→ **INFORMATION PROVIDED**
-=-=-=-=-
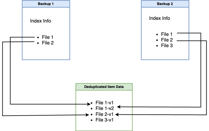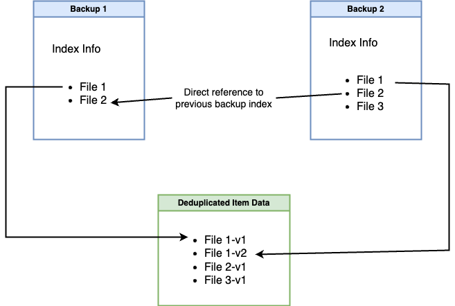Both independent backups and chained backups have the same information. Having independent backups generally creates more complexity when making a new backup while chained backups generally have more complexity during restore and backup deletion. Independent backups have more complexity when creating the backup as indexing information and item data references for deduplicated data may need to be sourced from previous backups. Chained backups have more complex restore as multiple backups may need to be searched for the item being restored. They also have more complex backup deletion as an item’s data can only be deleted if no backups in any chain refer to it. The figure below gives a high-level overview of the differences between independent backups and chained backups.
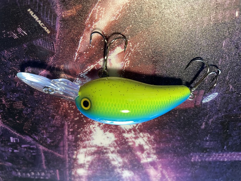 Tiny PeanutII DR 長さ40mm、重さ4.5g、潜行深度1.5mです。カラーはスプラッターチャートです。
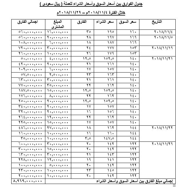 وأُرفقت المذكرة المرفوعة لرئاسة حكومة هادي بـجدول الفوارق بين أسعار السوق وأسعار الشراء للعملة بالريال السعودي.
-=-=-=-=-
→ **YOUR GOAL**
Reproduce the lines of the listing exactly, starting at the one that contains "Tiny PeanutII DR" and continuing through the final line, but leave out the pictures.

→ **EXPECTED ANSWER**
 Tiny PeanutII DR 長さ40mm、重さ4.5g、潜行深度1.5mです。カラーはスプラッターチャートです。
 وأُرفقت المذكرة المرفوعة لرئاسة حكومة هادي بـجدول الفوارق بين أسعار السوق وأسعار الشراء للعملة بالريال السعودي.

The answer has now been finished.